▶ ACTIVITY
Leaving out all pictures, transcribe exactly the lines between the line with "وفي الفعالية أكد" and the last line of the records below, both included.

---- SUPPLIED DATA

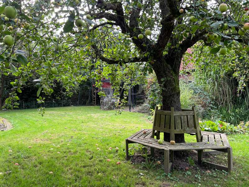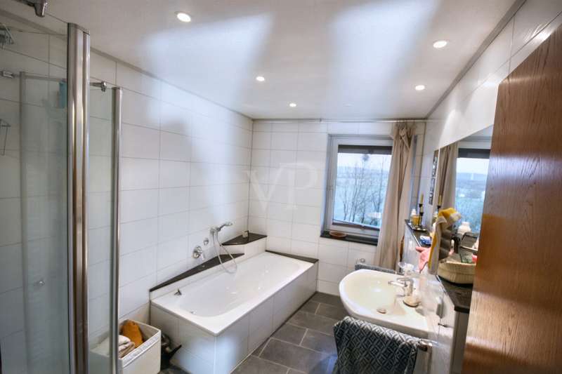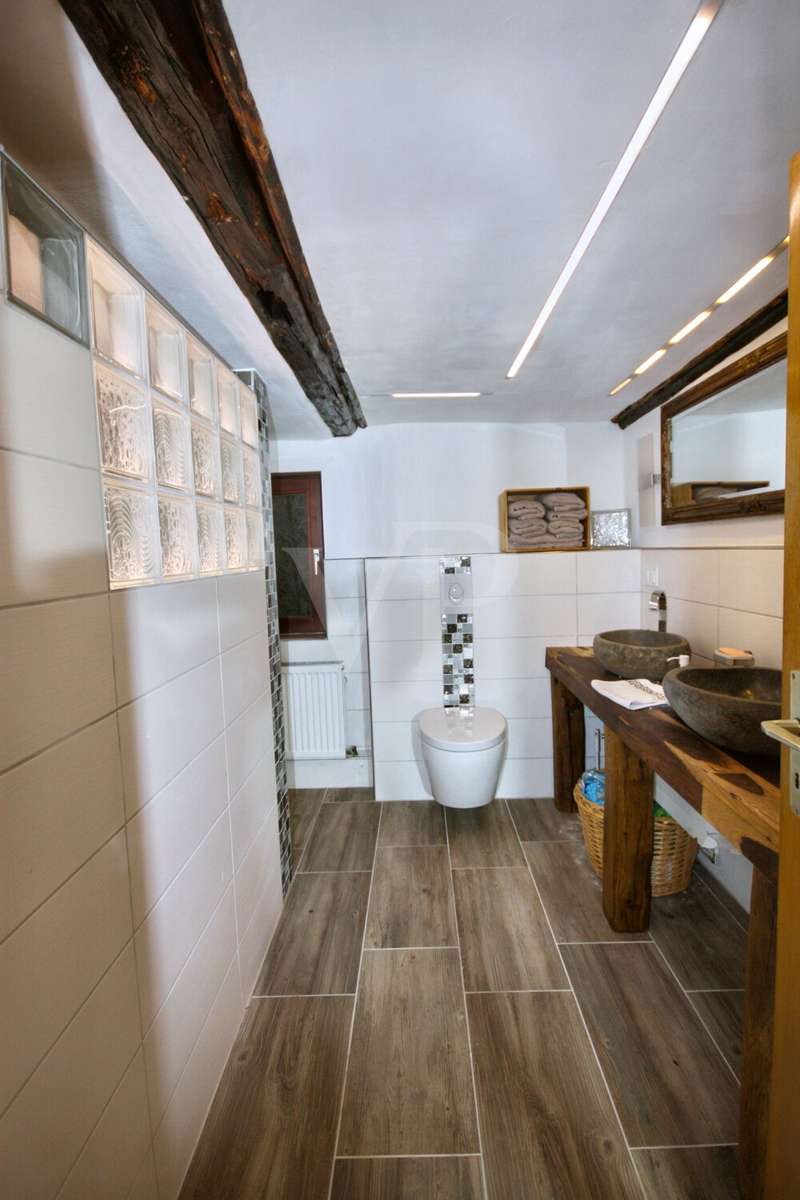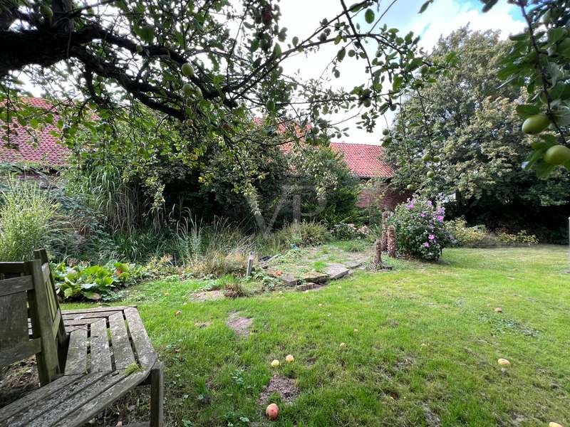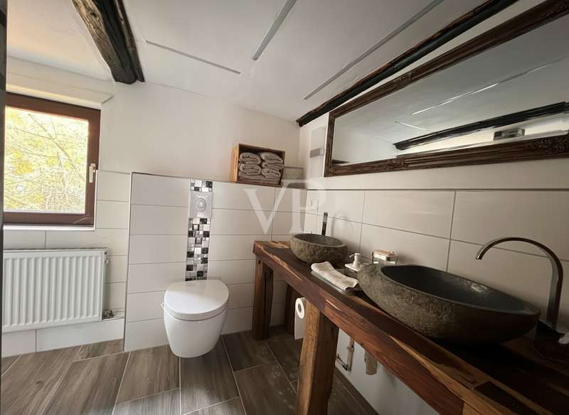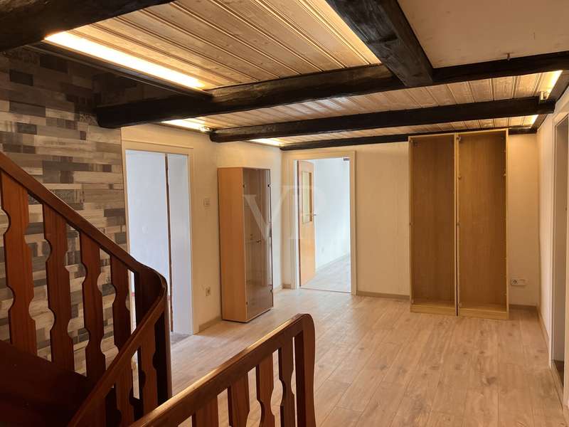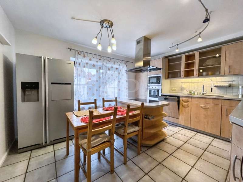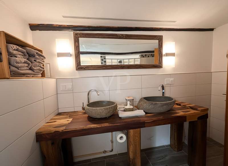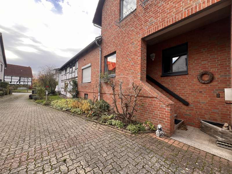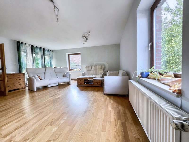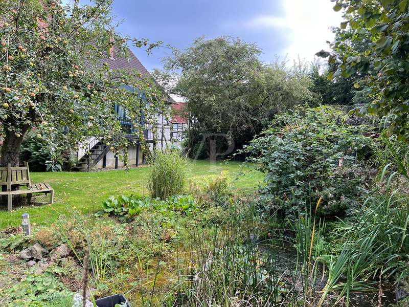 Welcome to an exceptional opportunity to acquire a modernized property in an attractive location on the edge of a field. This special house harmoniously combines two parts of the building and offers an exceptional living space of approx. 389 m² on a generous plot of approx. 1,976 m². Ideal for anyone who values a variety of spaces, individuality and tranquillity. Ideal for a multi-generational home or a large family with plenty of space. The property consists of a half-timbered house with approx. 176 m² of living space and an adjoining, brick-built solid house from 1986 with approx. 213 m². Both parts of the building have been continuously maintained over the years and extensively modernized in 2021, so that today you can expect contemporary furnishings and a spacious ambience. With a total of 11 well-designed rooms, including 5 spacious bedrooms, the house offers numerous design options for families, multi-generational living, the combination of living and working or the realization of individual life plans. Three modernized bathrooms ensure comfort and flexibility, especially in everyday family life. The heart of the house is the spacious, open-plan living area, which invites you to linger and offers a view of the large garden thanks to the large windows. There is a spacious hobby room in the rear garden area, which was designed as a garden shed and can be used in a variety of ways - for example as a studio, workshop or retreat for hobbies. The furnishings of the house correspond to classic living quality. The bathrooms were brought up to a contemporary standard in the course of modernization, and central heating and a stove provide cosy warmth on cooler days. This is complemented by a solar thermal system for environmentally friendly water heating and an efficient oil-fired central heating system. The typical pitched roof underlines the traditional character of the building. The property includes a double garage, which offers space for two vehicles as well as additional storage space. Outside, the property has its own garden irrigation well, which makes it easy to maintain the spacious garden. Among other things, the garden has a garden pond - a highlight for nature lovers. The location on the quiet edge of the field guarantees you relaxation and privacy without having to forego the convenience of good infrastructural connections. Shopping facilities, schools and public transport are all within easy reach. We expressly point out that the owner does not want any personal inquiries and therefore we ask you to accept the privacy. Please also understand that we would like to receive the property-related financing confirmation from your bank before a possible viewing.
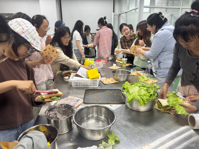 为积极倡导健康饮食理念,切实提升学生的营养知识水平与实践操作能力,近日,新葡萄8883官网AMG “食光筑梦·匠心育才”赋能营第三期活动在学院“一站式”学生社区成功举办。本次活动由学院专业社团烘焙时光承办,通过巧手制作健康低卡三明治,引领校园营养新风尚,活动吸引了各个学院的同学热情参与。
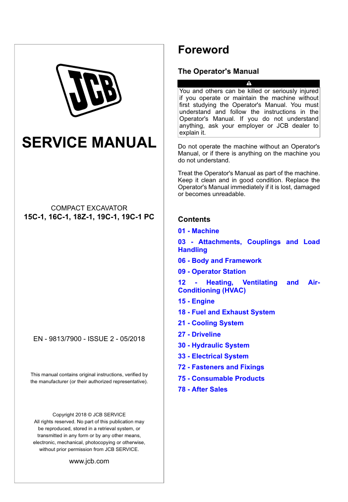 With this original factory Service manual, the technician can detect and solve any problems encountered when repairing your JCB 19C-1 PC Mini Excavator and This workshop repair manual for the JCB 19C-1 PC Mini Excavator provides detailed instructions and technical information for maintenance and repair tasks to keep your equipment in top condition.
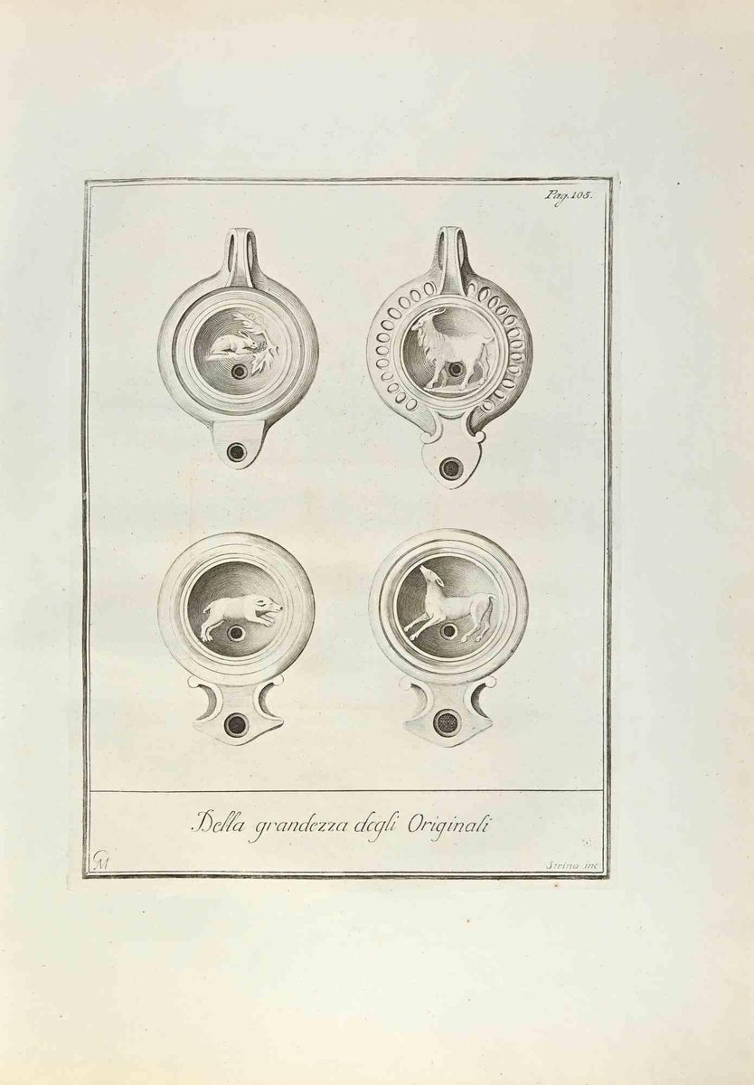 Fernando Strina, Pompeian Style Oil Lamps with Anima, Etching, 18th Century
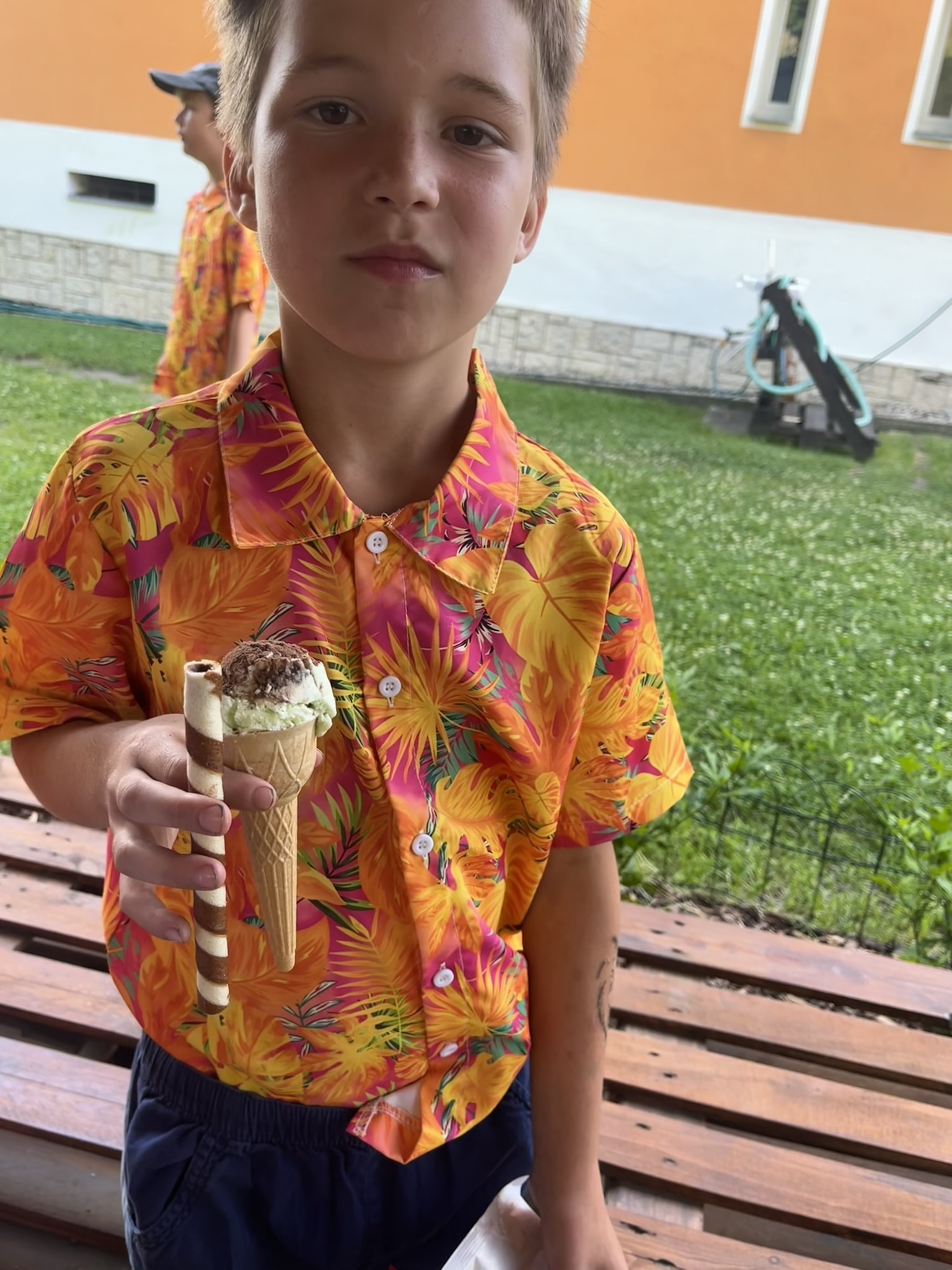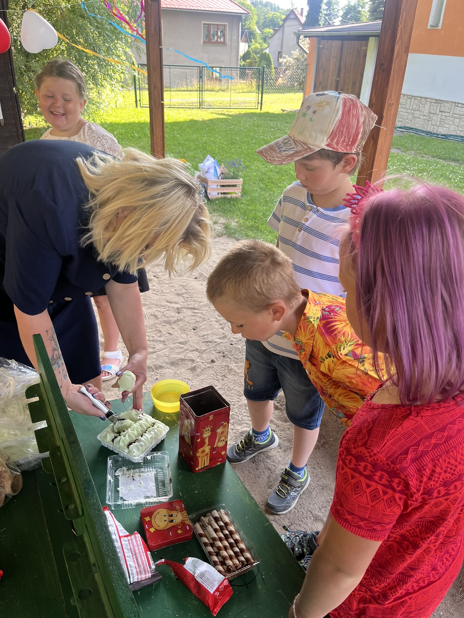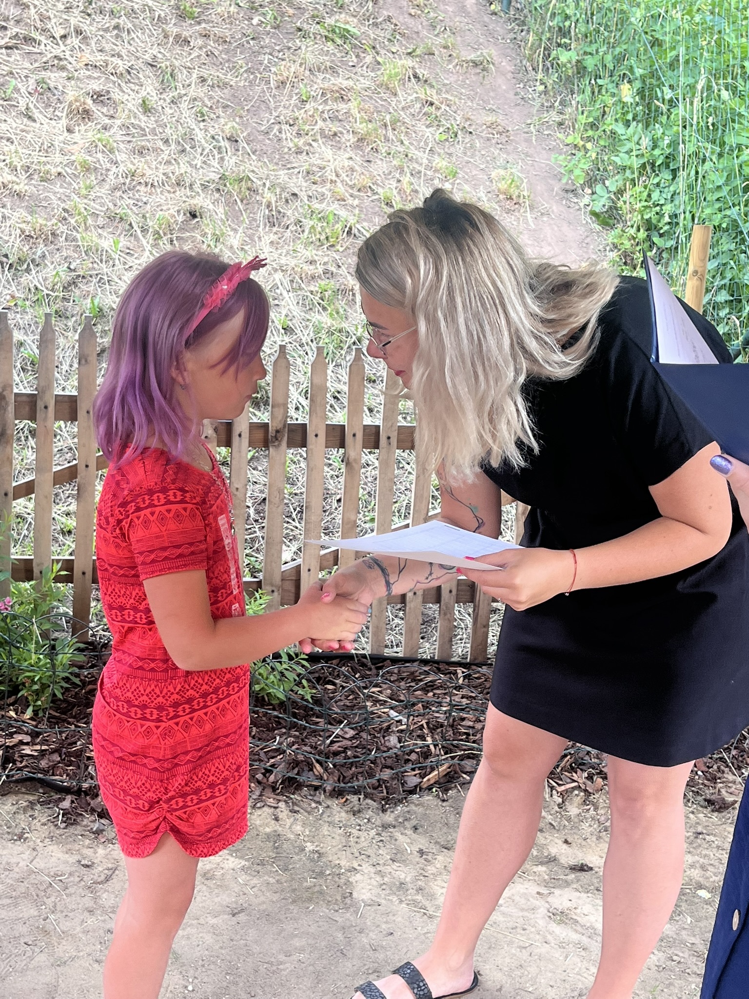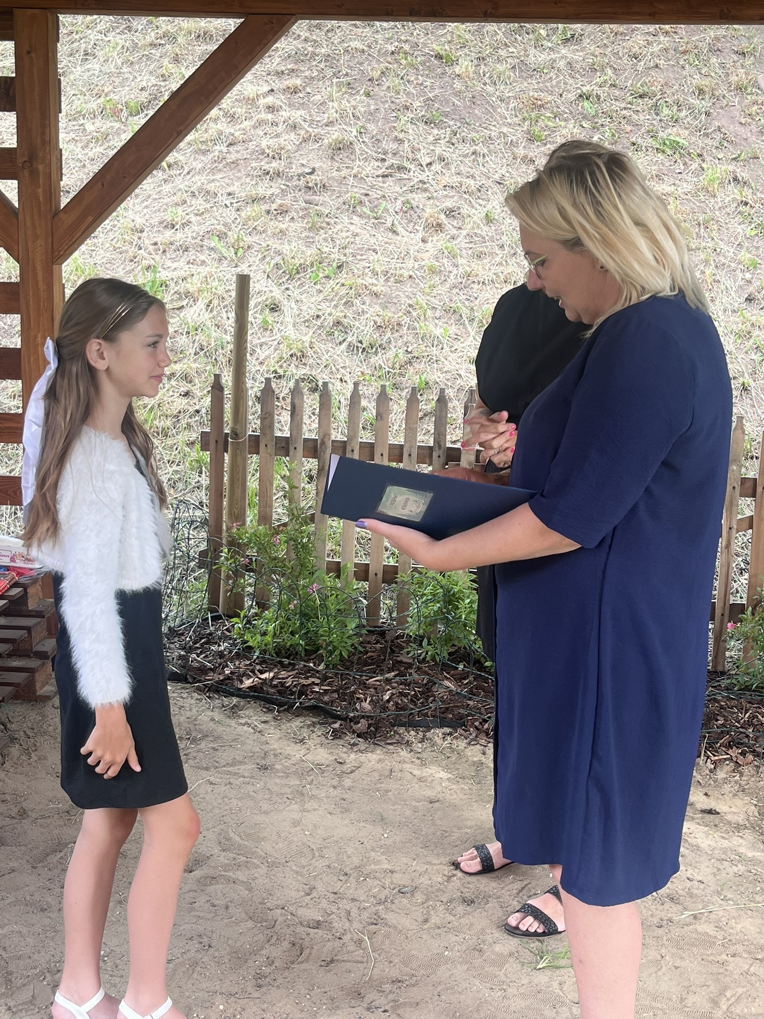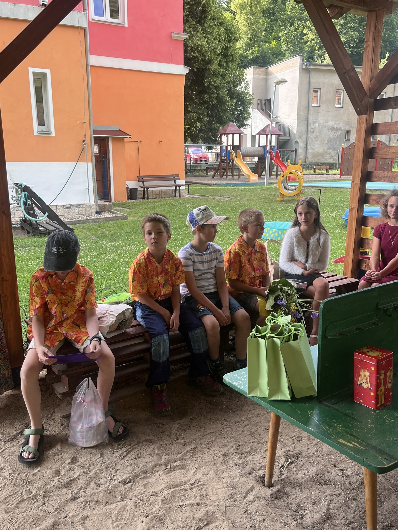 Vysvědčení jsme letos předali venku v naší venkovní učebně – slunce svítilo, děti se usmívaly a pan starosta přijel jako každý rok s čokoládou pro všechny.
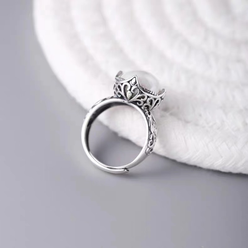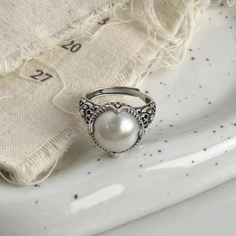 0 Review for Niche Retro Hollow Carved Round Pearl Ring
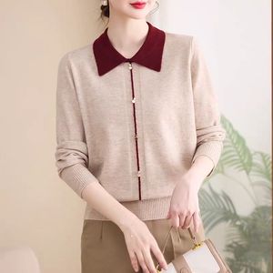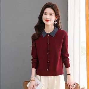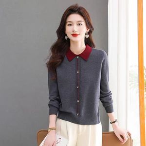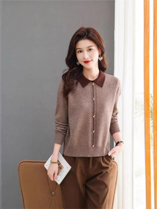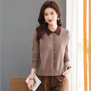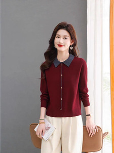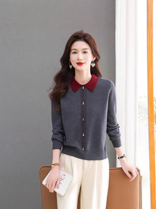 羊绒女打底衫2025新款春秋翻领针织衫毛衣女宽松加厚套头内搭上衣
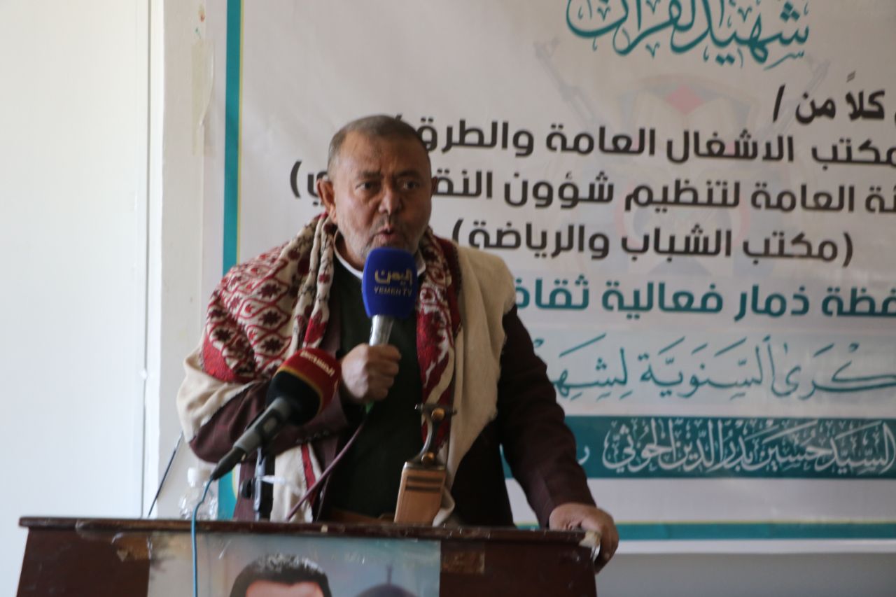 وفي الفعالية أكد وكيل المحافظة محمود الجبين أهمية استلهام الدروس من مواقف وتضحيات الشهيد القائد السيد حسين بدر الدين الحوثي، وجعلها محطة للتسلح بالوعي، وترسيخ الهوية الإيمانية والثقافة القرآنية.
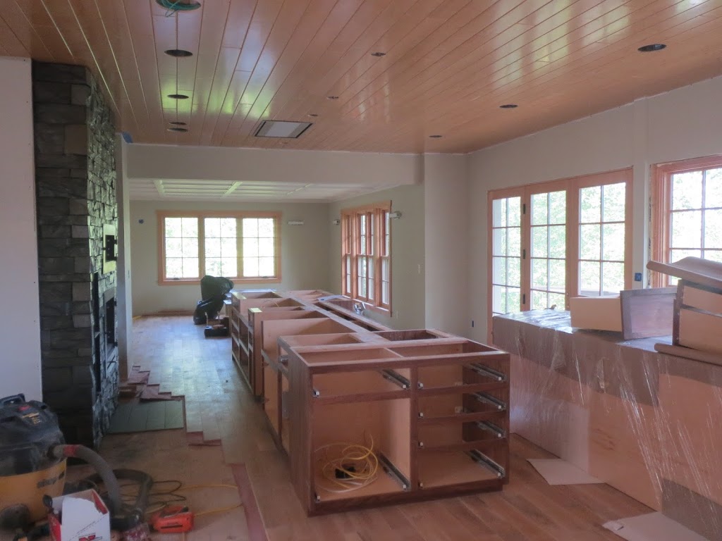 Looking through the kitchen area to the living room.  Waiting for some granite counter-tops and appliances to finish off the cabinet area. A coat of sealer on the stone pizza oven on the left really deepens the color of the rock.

--------

▶ RESULT FOR THIS EXERCISE
 وفي الفعالية أكد وكيل المحافظة محمود الجبين أهمية استلهام الدروس من مواقف وتضحيات الشهيد القائد السيد حسين بدر الدين الحوثي، وجعلها محطة للتسلح بالوعي، وترسيخ الهوية الإيمانية والثقافة القرآنية.
 Looking through the kitchen area to the living room.  Waiting for some granite counter-tops and appliances to finish off the cabinet area. A coat of sealer on the stone pizza oven on the left really deepens the color of the rock.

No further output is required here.